THE INPUT
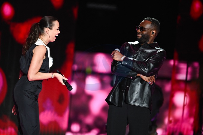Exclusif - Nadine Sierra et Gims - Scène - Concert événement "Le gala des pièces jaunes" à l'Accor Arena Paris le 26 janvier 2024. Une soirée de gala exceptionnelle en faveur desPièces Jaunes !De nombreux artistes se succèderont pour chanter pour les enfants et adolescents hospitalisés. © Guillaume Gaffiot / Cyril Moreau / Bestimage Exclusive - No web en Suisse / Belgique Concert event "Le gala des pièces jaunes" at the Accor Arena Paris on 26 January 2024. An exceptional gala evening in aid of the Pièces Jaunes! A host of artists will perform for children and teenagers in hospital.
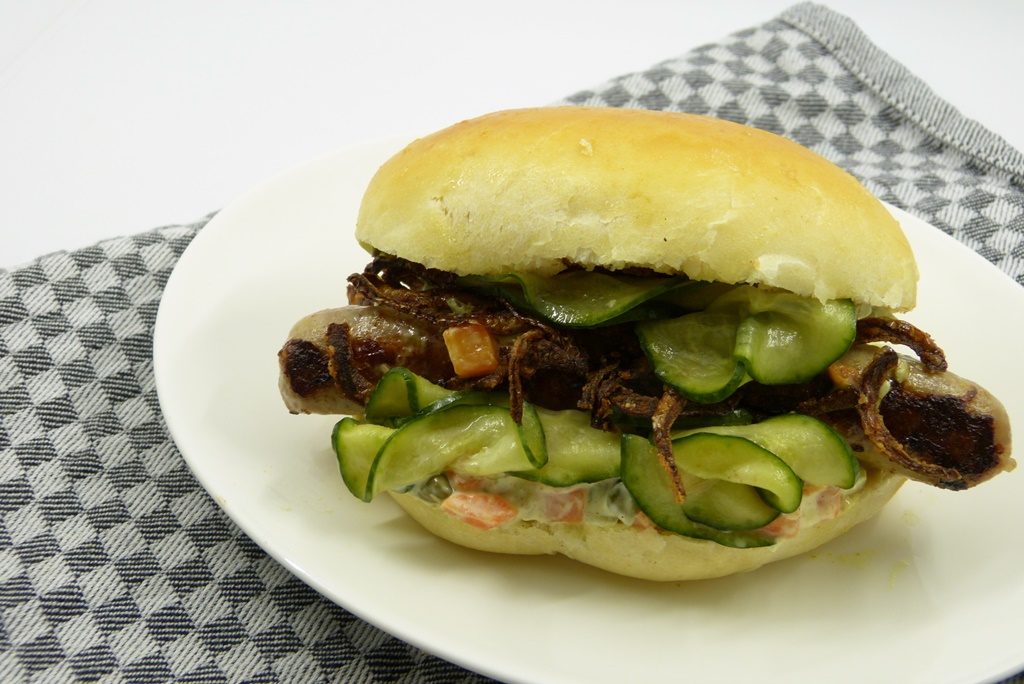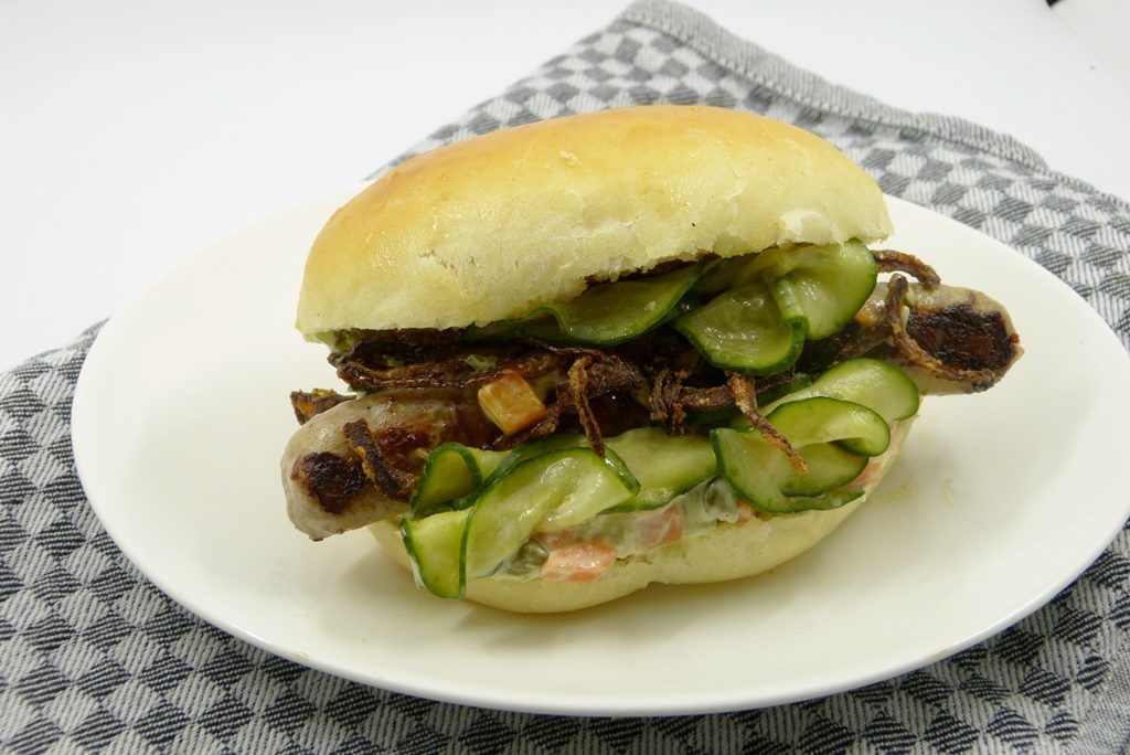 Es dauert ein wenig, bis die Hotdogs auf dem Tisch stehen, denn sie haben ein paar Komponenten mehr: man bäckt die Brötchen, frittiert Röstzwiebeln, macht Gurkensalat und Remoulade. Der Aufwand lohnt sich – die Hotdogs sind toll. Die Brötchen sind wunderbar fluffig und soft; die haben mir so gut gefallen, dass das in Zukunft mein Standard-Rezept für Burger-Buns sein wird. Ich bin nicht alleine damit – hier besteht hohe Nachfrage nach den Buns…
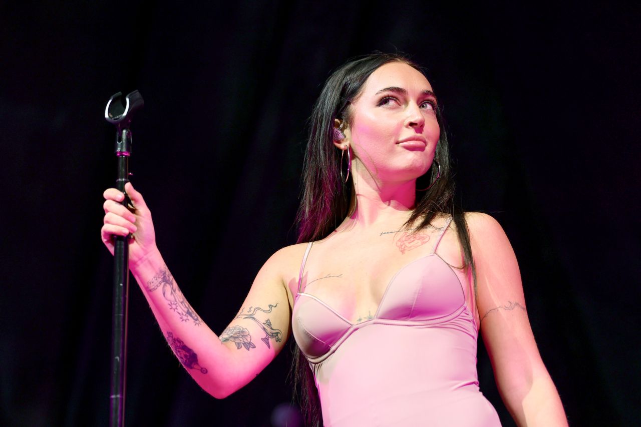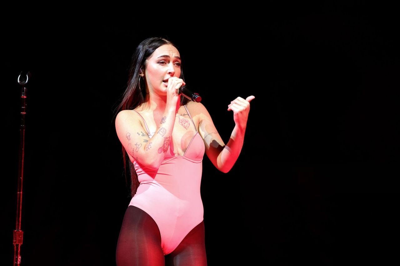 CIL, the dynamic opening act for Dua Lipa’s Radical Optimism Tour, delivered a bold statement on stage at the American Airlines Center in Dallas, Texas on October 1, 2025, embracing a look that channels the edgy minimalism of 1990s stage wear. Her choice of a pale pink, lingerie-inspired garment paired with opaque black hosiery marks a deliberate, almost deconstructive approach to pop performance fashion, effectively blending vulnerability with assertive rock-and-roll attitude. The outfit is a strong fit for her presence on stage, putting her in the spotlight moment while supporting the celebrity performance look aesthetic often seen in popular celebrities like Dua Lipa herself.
==
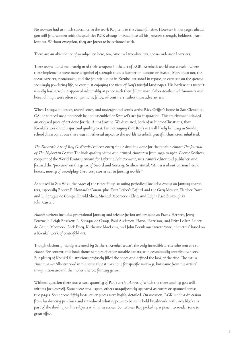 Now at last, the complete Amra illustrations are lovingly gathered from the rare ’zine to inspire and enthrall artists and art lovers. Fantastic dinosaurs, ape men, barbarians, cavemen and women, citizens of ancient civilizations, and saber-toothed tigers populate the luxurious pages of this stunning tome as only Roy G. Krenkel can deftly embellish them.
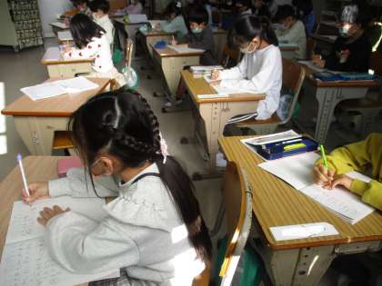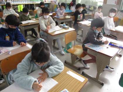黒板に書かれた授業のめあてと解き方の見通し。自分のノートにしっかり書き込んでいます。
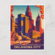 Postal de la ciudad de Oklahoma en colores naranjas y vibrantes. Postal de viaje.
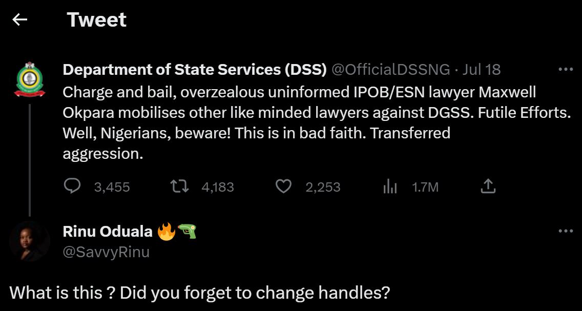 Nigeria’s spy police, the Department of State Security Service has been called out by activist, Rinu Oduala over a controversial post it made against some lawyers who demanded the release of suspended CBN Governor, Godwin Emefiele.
---
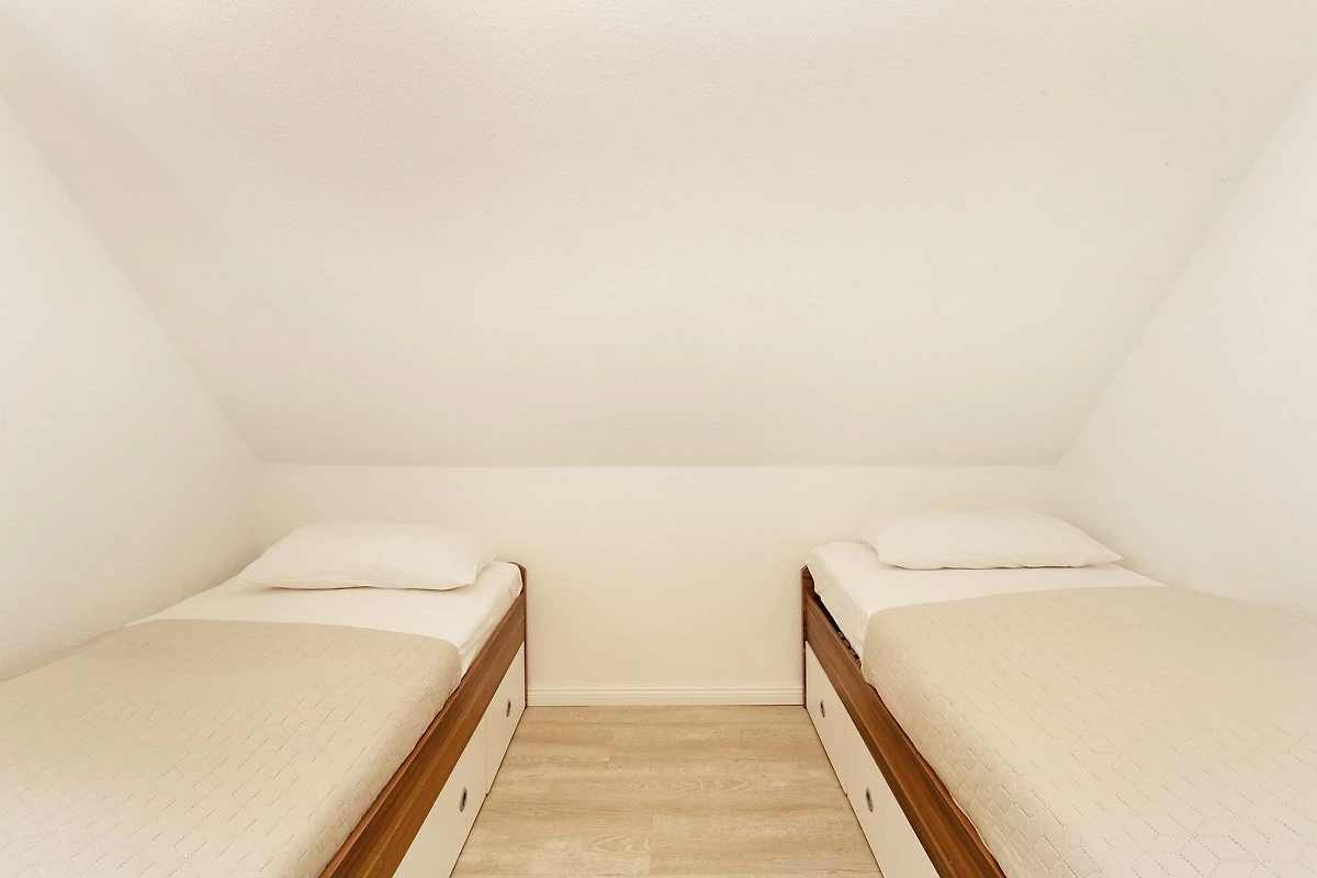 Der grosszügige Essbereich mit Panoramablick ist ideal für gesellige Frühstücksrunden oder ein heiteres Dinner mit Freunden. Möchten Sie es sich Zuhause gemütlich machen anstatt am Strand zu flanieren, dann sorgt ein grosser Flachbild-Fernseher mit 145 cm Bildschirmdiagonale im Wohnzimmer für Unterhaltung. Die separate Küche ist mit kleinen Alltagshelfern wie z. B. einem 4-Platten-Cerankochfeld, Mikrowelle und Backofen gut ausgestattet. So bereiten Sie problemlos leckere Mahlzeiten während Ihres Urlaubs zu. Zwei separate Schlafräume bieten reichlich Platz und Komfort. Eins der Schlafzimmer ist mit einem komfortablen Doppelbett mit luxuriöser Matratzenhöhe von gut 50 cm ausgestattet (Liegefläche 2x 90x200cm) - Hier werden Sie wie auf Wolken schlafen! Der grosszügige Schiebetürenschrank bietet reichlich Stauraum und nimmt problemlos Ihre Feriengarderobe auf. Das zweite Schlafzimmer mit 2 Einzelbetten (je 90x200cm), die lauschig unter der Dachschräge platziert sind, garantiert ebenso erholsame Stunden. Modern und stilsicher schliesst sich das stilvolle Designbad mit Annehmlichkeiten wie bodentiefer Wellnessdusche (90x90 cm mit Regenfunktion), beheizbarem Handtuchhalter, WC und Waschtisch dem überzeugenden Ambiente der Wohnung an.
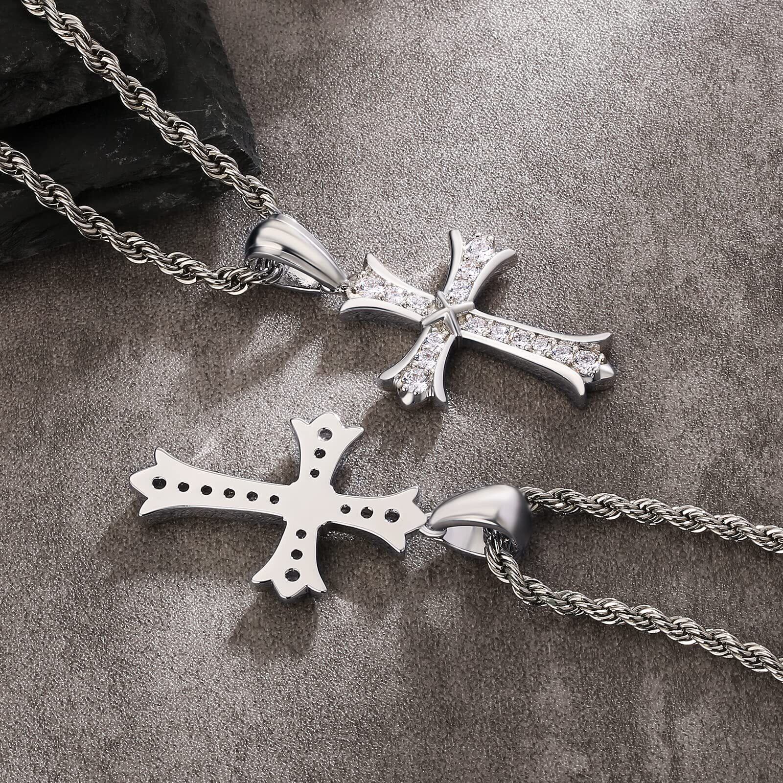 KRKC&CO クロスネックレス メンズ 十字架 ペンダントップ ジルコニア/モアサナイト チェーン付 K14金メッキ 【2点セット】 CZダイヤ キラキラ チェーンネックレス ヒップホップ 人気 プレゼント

EXERCISE REQUIREMENTS
Range to copy from the listing above: the line containing "黒板に書かれた授業のめあてと" down to the line containing "Nigeria’s spy police, the", both included. Reproduce it exactly, minus the pictures, and add nothing.

WRITTEN RESPONSE
黒板に書かれた授業のめあてと解き方の見通し。自分のノートにしっかり書き込んでいます。
 Postal de la ciudad de Oklahoma en colores naranjas y vibrantes. Postal de viaje.
 Nigeria’s spy police, the Department of State Security Service has been called out by activist, Rinu Oduala over a controversial post it made against some lawyers who demanded the release of suspended CBN Governor, Godwin Emefiele.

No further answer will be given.